Extracted records:
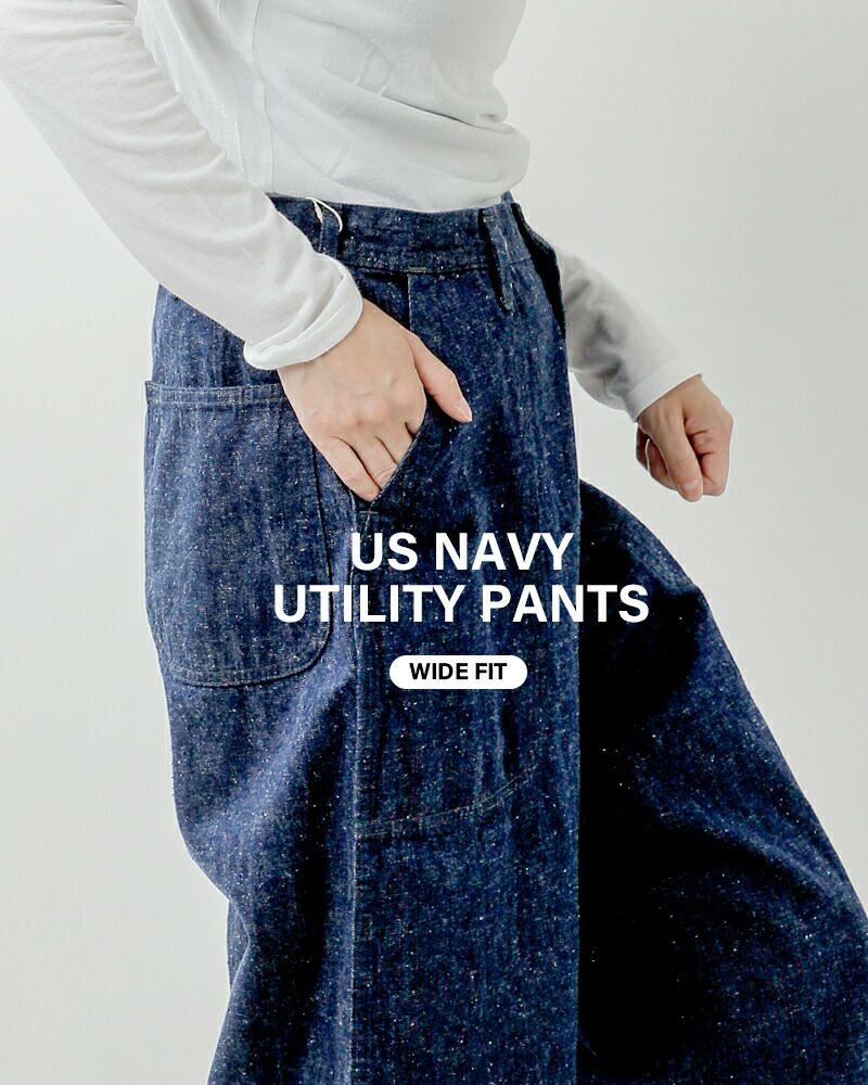 ワイドフィットUSネイビーデニムユーティリティパンツ01-v5130
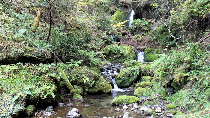 ![]() 砂防堰堤に着くと沢を遡る歩道があり、一番上の奥が乙姫滝(落差5m)。 滝水は夏冬とも14℃で、純良清浄で茶の湯には絶好です。 |
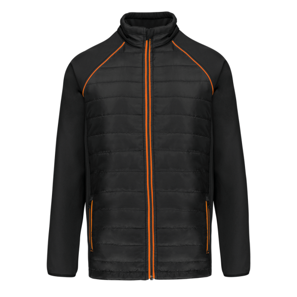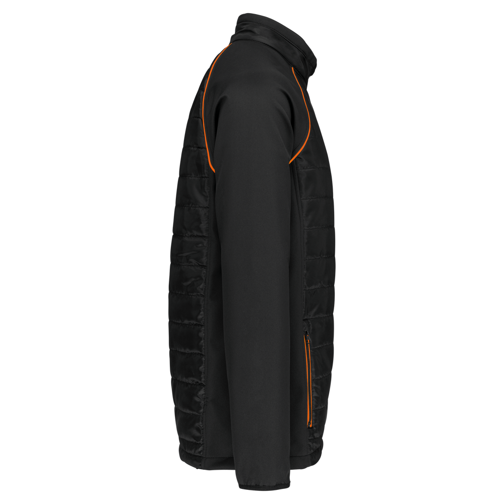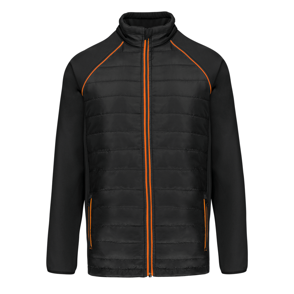 100% polyester. Softshell 2 lagen, in de 4 richtingen rekbare stof voor meer bewegingsruimte en met binnenlaag in fleece voor meer warmte op de mouwen en de schouders. Voorkant en achterkant : 100% polyester 75 g taf 230T met coating. Waterafstotende stof. 2 ritszakken aan de voorkant. 1 naametiket links aan de binnenkant. Contrasterende bies aan de mouwopeningen en in de kraag. Ritssluiting op de voorkant en contrasterende zakken. Blinde drukkersrits onderaan. Ideaal voor dagelijks gebruik.
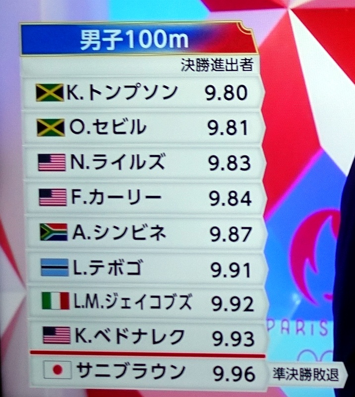 準決勝のタイム。こりゃ、日本選手の決勝進出は無理だわ
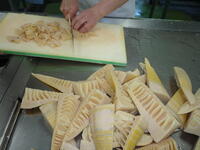 今日は、新物のたけのこで「たけのこご飯」を作りました。そこで給食時間に、「たけのこの成長」について話題にしました。今日は、米(黒酢米)・小松菜・卵が野田市産でした。
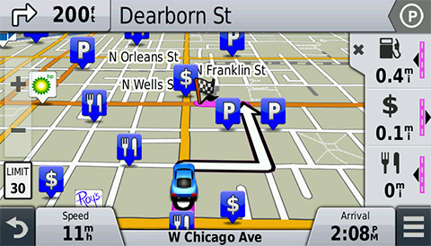 Nie trzeba już szukać trudnych do odczytania bądź nieistniejących tablic — wystarczy spojrzeć na urządzenie nüvi 57LM, aby przeczytać nazwę aktualnej ulicy. Urządzenie nüvi wyświetla też ograniczenie prędkości, aktualną prędkość i czas przybycia.
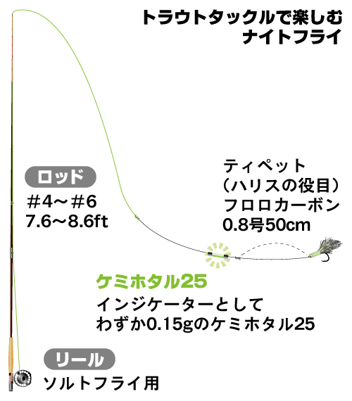 フライラインは淡水用を使って全然問題ない。シンクレートはS(Ⅰ)をメインにするが、メバルの活性が高く、上ずっているときにはフローティングも使える。

» **What needs to be done**:
Please write out, word for word, only the lines from the one holding "今日は、新物のたけのこで「た" through the end of the records above, with both end lines included and the pictures dropped.

» **Task result**:
 今日は、新物のたけのこで「たけのこご飯」を作りました。そこで給食時間に、「たけのこの成長」について話題にしました。今日は、米(黒酢米)・小松菜・卵が野田市産でした。
 Nie trzeba już szukać trudnych do odczytania bądź nieistniejących tablic — wystarczy spojrzeć na urządzenie nüvi 57LM, aby przeczytać nazwę aktualnej ulicy. Urządzenie nüvi wyświetla też ograniczenie prędkości, aktualną prędkość i czas przybycia.
 フライラインは淡水用を使って全然問題ない。シンクレートはS(Ⅰ)をメインにするが、メバルの活性が高く、上ずっているときにはフローティングも使える。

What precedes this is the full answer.